Dreame Technology Co., Ltd.
- Type: Private
- Industry: Home appliances
- Founded: 2017
- Founder: Yu Hao (CEO)
- Headquarters: Suzhou
- Area served: Worldwide
- Products: household cleaning and personal care appliances
- Website: www.dreametech.com

= Dreame Technology =

Chinese appliance manufacturer

Dreame Technology (追觅科技; /en/; referred to simply as Dreame), with the full name Dreame Technology Co., Ltd., also known as Dreametech, is a Chinese consumer electronics manufacturer founded by Yu Hao in 2017. Its main products include cordless vacuums, scrubbers, hair dryers, robotic lawn mowers, and robot vacuum cleaners and mops. The company specializes in the production of vacuum cleaners. In addition, it owns and operates an app called Dreamehome.

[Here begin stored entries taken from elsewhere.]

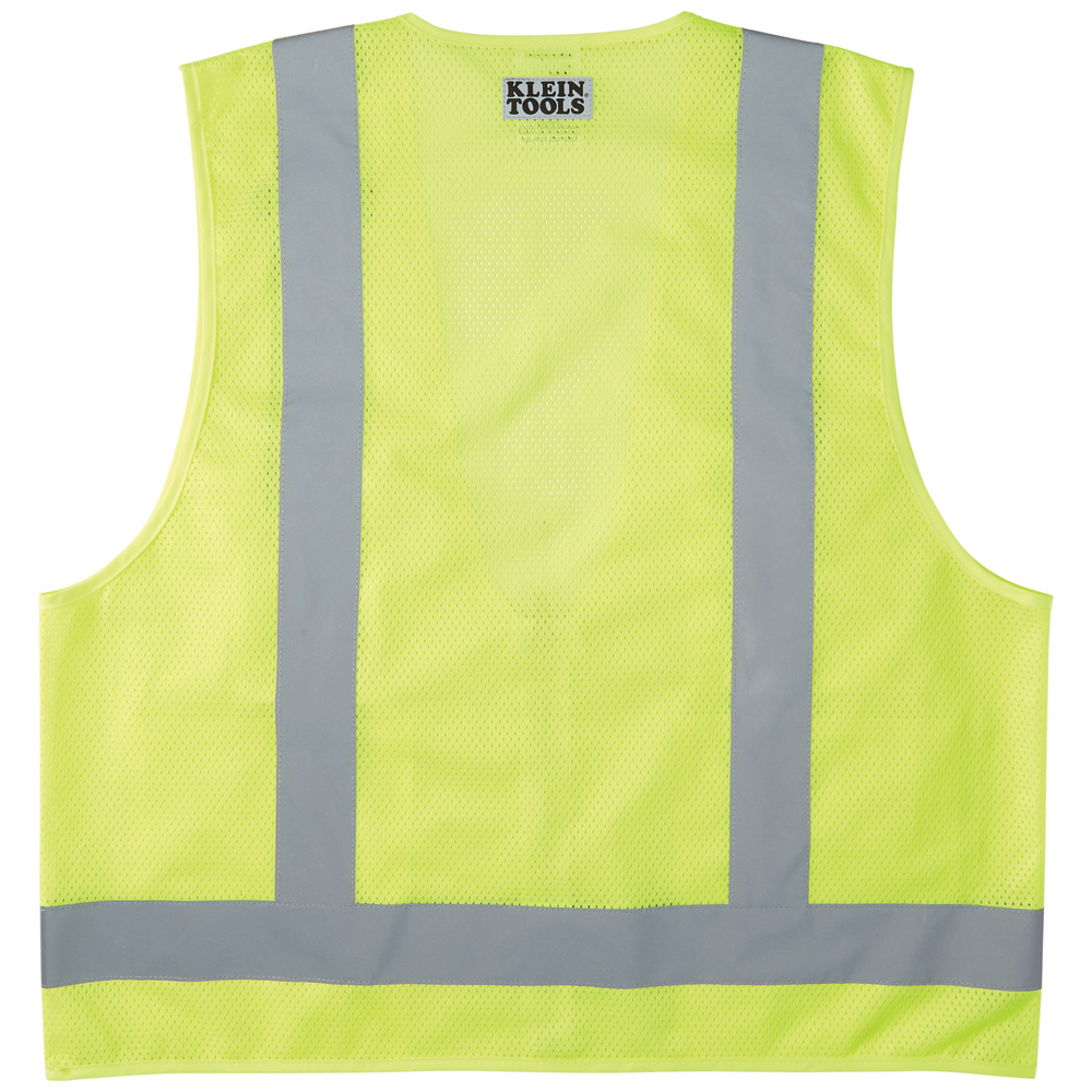 Klein Tools High-Visibility Safety Vest has retro-reflective material to enhance visibility. Mesh fabric on back provides breathability. This vest has a zippered front with interior and exterior pockets. Meets ANSI/ISEA 107-2015, Type R, Class 2 requirements.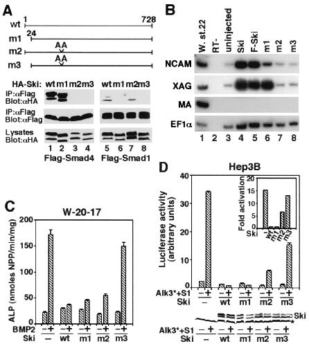 Figure 5 Interactions between Ski and the Smads are required for repression of BMP signaling by Ski. (A) Interaction between mutant Ski proteins and the Smads. (Upper) Schematic drawings of the Ski mutants are shown. (Lower) HA-tagged, wild-type, or mutant Ski proteins were cotransfected into 293T cells together with Flag-tagged Smad1 or Smad4 as indicated. The Smad-bound Ski proteins were isolated by immunoprecipitation with anti-Flag M2 mAb and detected by Western blotting with an anti-HA mAb. Cell lysates were blotted directly as a control for HA-Ski expression. (B) Mutant analysis in Xenopus ectoderm. Explants were harvested at stage 22 and assayed for NCAM, XAG, and muscle actin expression. Lanes 1 and 2, whole embryo and no RT (RTâ) control; lane 3, uninjected sample; lanes 4 and 5, explants expressing 500 pg of wild-type ski mRNA; lanes 6â8, explants expressing 500 pg of mRNA of ski mutants m1, m2, or m3. (C) To test the ability of the Ski mutants to repress BMP-induced ALP activity, various ski mutants were transfected into W-20-17 cells. ALP activity was assayed as described in Materials and Methods. (D). Hep3B cells were cotransfected with 0.75 μg of 15xGCCG-Luc, 0.5 μg of constitutive active BMPRI (Alk3*), 0.75 μg of HA-tagged, wild-type, or mutant ski, and 0.15 μg of Smads. Luciferase activity was measured 48 h later. (Lower) The levels of Ski proteins present in the transfected cells were detected by Western blotting with the anti-HA antibody. * indicates a nonspecific background band.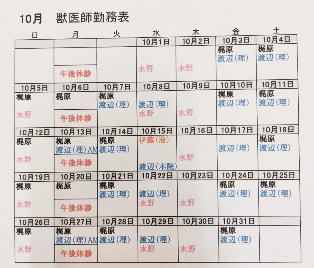 10月 獣医師勤務表|野田市の動物病院なら伊藤動物病院 野田分院へ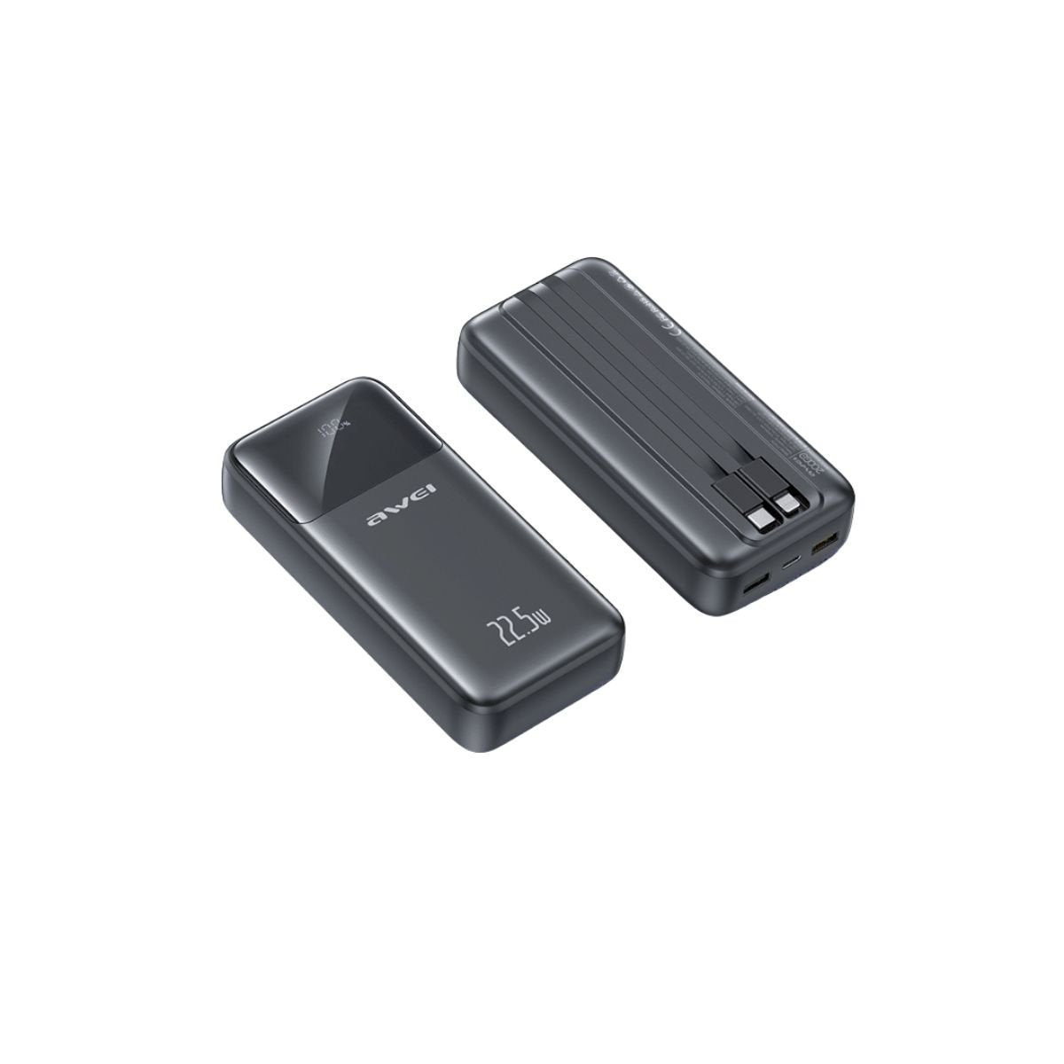 AWEI Power Bank 20.000mAh 22.5W Fast Charging με Ενσωματωμένα Καλώδια & Οθόνη Ένδειξης Φόρτισης, Μαύρο PK107K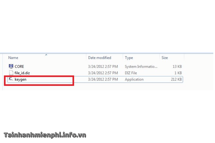 Keygentrong thư mục giải nén ban đầu và chạy filekeygen.exe.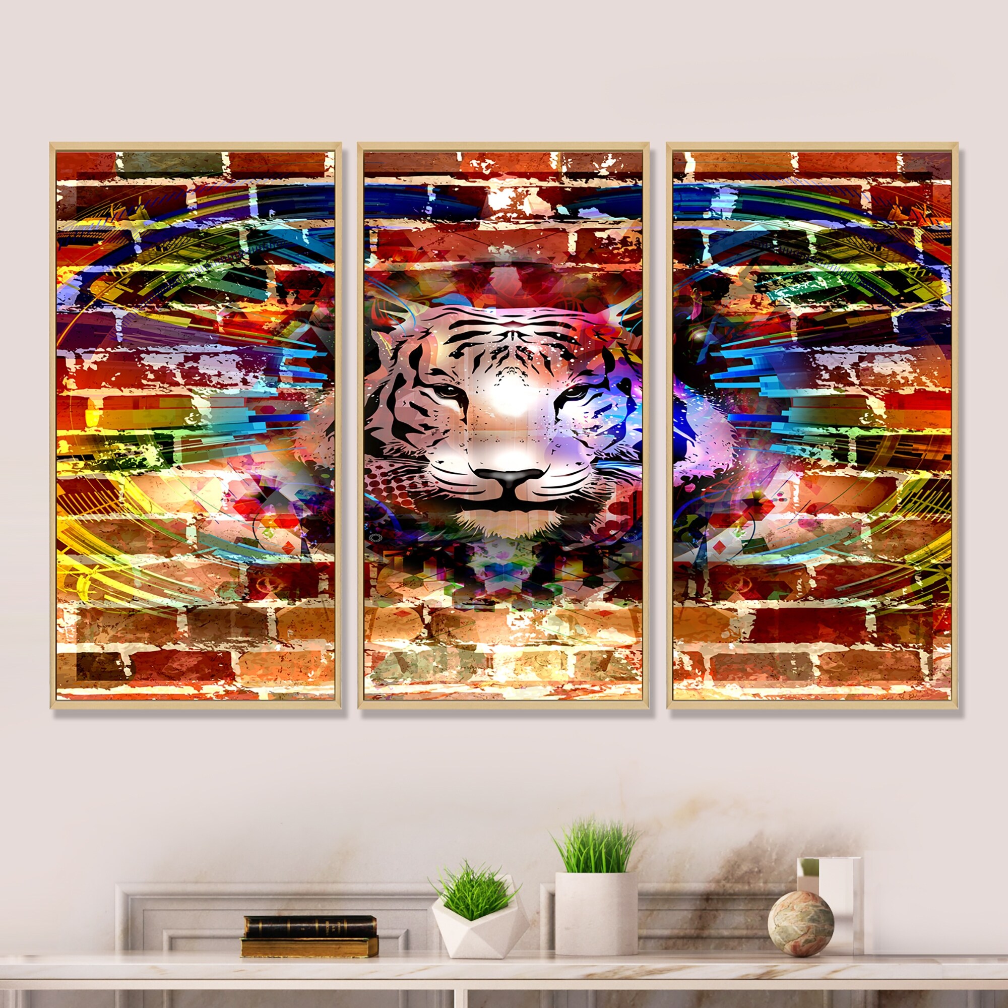 Designart "Tiger over Abstract Brick Design" Abstract Framed Artwork Set of 3 - 4 Colors of Frames

Outside of China, Dreame products are available in overseas markets such as Malaysia, Australia, and the US. After its establishment, the company was backed by Xiaomi, Yunfeng Capital, and Shunwei Capital. In October 2021, it raised $563 million in a Series C funding round.

==History==
Founder Yu Hao started "Sky Workshop" a student-run aerospace makerspace at Tsinghua University in 2009. The project earned a sponsorship from Boeing, leading Yu to form Dreame in Suzhou in 2015. In December 2018, the firm launched its first product, the V9 stick vacuum in collaboration with Xiaomi. In 2019, Dreame ended its partnership with Xiaomi to release its own line of robot vacuums.

In 2020, Dreame developed a 150,000-rpm digital motor. In August, it secured an investment from IDG Capital. In December, its Suzhou smart factory started operations.

In October 2021, Dreame reached a partnership with Borussia Dortmund. The company introduced its first robot vacuum-mop in January 2022. In September 2023, it exhibited at the IFA. In 2023, it launched Mova, a lower-end sub-brand.

==Products==

=== Automobiles ===
Dreame announced its plans of making electric vehicles in 2025; the Nebula Next 01 concept car was shown at CES 2026 alongside the Kosmera marqee. Soon after the trade show, Dreame announced its electric-powered SUV lineup, Star Motor.

In August 2026, media outlet Yicai reported that several Dreame Auto executives were actively seeking alternative employment, and a large portion of the project's workforce has been laid off. At the project's peak, the division had 700–800 employees and according to an employee the workforce had occupied ¾ of his floor in the company's office building; by the time of Yicai's visit, under ⅓ of the cubicles had not been vacated. Layoffs had started in June 2026 and reduced the employees by around 25% each wave. According to employees, only senior executives are expected to remain after the wave of layoffs beginning in August 2026. As of August 2026, the division has significant debts to pay off to several automotive suppliers.

=== Smartphones ===
In 2025, Dreame announced its smartphone line up; the first product, E1, has been registered in the European Product Registry for Energy Labelling.

=== Vacuum cleaners ===
Dreame's primary product market is vacuum cleaners. The company's first product, the V9 stick vacuum was released in December 2018 in collaboration with Xiaomi. In 2022, it released the L10S Ultra, a robot vacuum-mop.